Tip from http://www.macosxhints.com/article.php?story=20071029151619619

Ongoing Omissions

Or, "things that have been in Windows since 1995 and/or Classic Mac OS that have not yet made the jump to Mac OS X, the most modernest OS extant."

  • Colored Labels on files: in Mac OS since System 7; OS 8 and OS 9.
    • Status: Finally arrived in Mac OS X 10.3 (and brings with it crazy circus stripes in List or Column view.)
    • And then replaced labels with tags in Mac OS X 10.9 Mavericks
  • The ability to click on something in the trash and restore it to its original location: in Windows 95, in Mac since System 7 or 8 (for the most recently thrown away item--you could click on it and press "command-Y"--"Put away"--to restore it)
    • Status: Finally arrived in Mac OS X 10.6
  • The ability to reconnect to servers at login and NOT have a bunch of windows pop open (which is what happens if you put server aliases in your "Login Items" list in Mac OS X) - was in System 7, OS 8, OS 9, and Windows 95.
    • Status: Still waiting...

A Couple Small Time Machine Notes

I had to use Time Machine to recover my 10.6 Mac. Two little issues:

1) Quick Look didn't work. It would open up the big grey rectangle but not show anything--pictures, movies, PDFs, Excel files, nothing worked. I was at 10.6.1 and 10.6.2 was out but installing that update (and all the rest available at the time) through Software Update didn't fix it. A tip here http://reviews.cnet.com/8301-13727_7-10398867-263.html suggested downloading and installing the combo update (also for 10.6.2) and that cleared it up. ("Combo Update" is Apple's term for "everything since the last .0", so the 10.5.8 combo update can be run on any system, 10.5.0-10.5.7, and it'll work.)

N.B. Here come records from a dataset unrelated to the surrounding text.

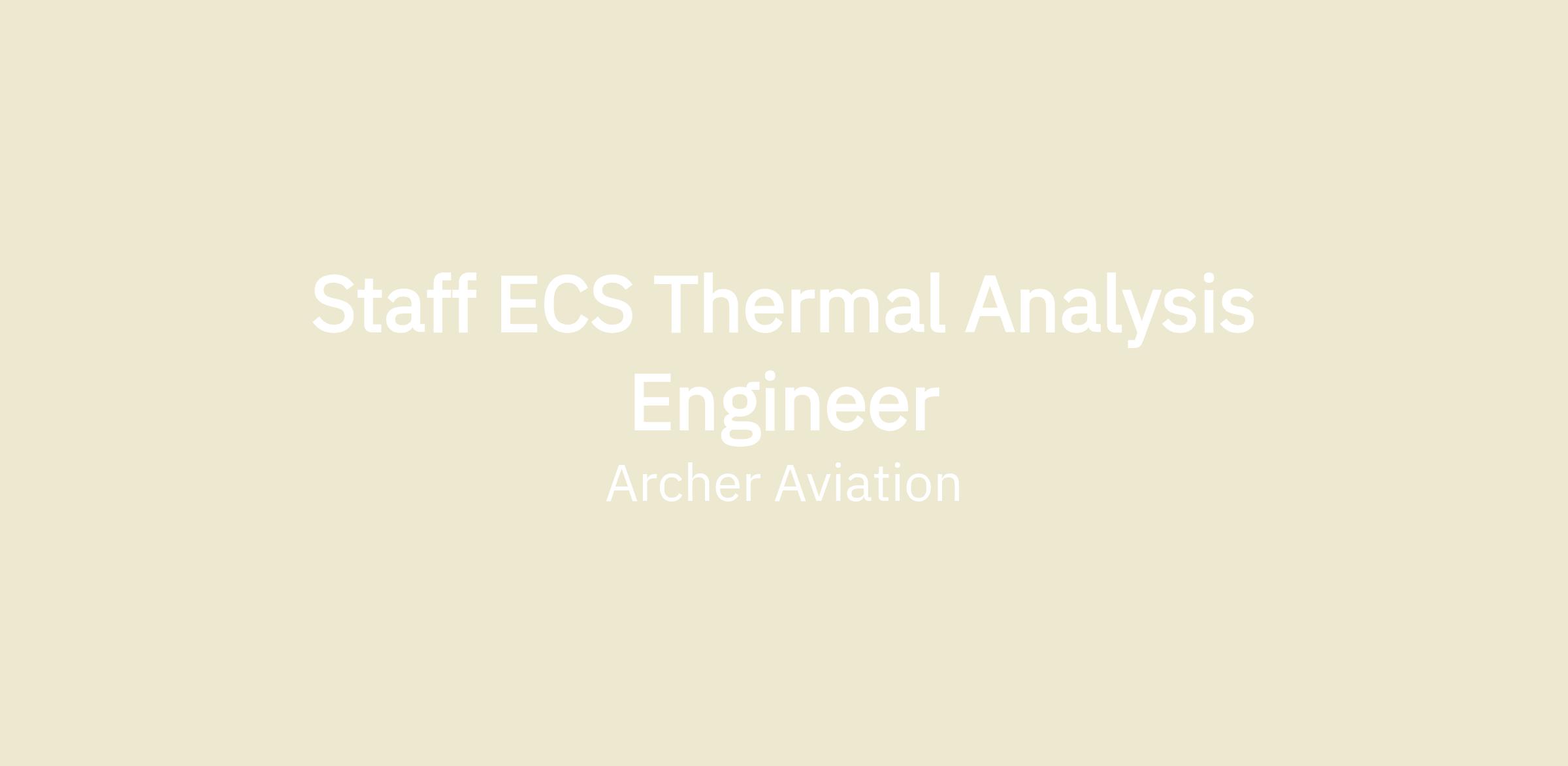We are seeking a Staff ECS Thermal and Flow Analysis Engineer to join our Thermal Management team. This hands-on role will primarily focus on the design, analysis, and optimization of the Environmental Control System (ECS) and the overall fuselage ensuring cabin comfort, avionics cooling, and safe operation across all flight conditions. You will work closely with the ECS team, system architects, and test engineers to develop system-level and component-level flow and thermal models that inform design decisions and support verification, validation, and certification activities.
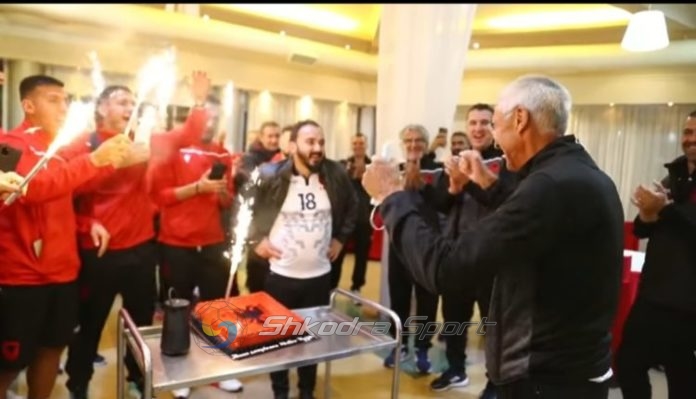 Trajneri Reja ka festuar datëlindjen dhe stafi i Shqipërisë ka menduar për një surprizë të veçantë. Me hedhjen e fishekzjarreve dhe tortën me simbolin e Shqipërisë, trajneri italian nuk e fshehu kënaqësinë e momenteve të bukura që po përjeton.
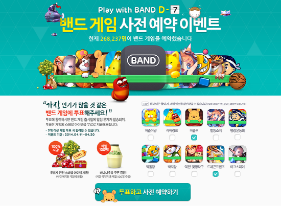 캠프모바일은 지난 11일 '밴드 게임'의 론칭을 열흘 앞두고, 1차로 참여하는 게임 10종을 공개하면서, 사전 예약 이벤트( www.band.us/event ) 를 시작한 바 있다.
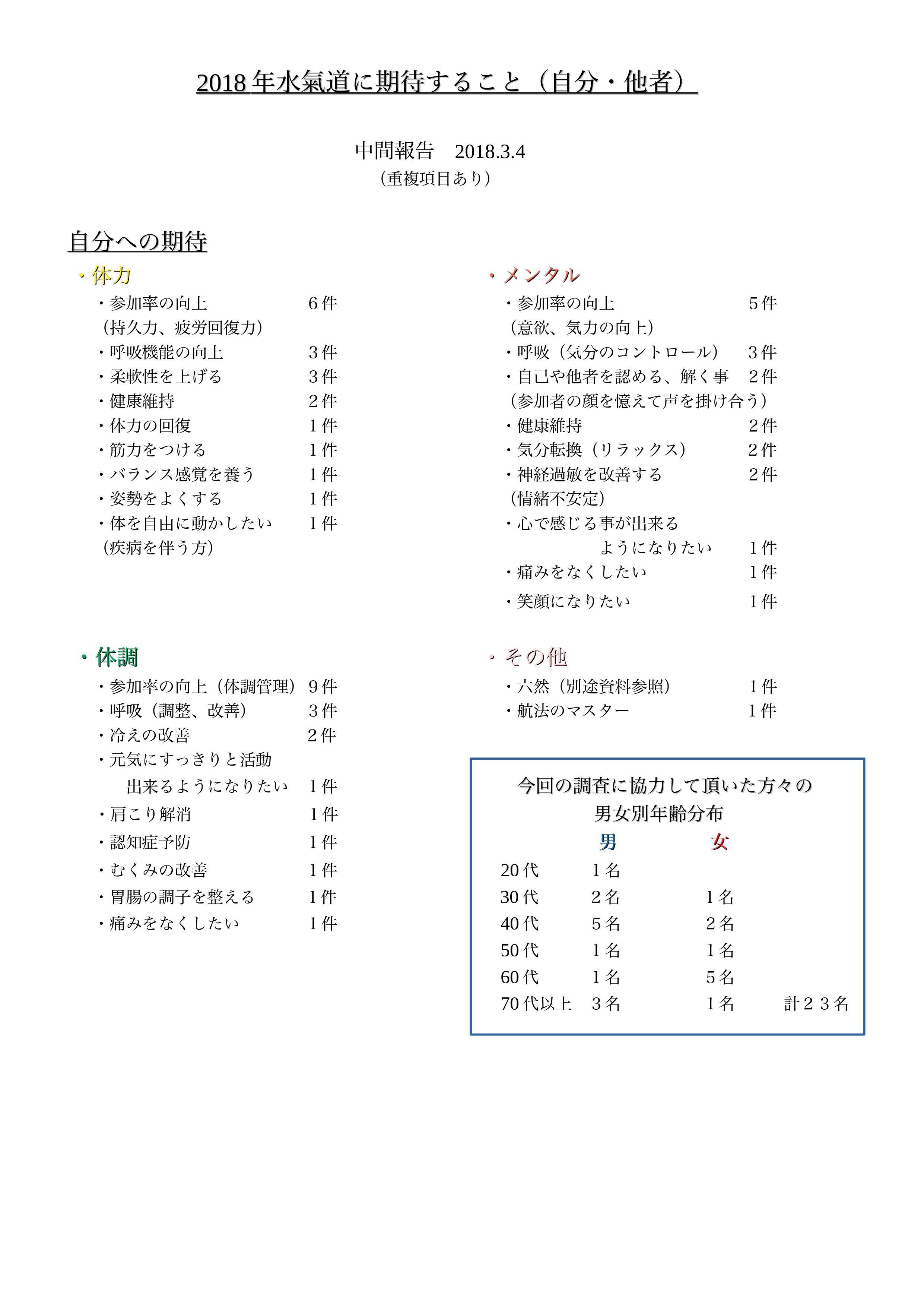 今回は水氣道会員の皆様から寄せられた、今年の目標、
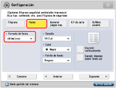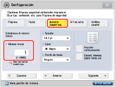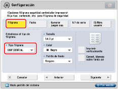 Para conocer las instrucciones acerca de la introducción de caracteres, consulte "Introducir caracteres desde la pantalla táctil". Si ha guardado caracteres en [Guardar caract. para numerar págs./Filigrana] en [Opciones de funciones] (Configuración), puede seleccionarlos de la lista.

2) The system folder "/private" was visible in the Finder at the root level of my hard drive. Not a big deal, but since I never need to go there there's no need to see it all the time. Running "sudo chflags hidden /private", as suggested here http://forums.macrumors.com/showthread.php?t=648139 did the trick.

"The iPad is just a big iPhone"

Yeah. And a swimming pool is just a big bathtub.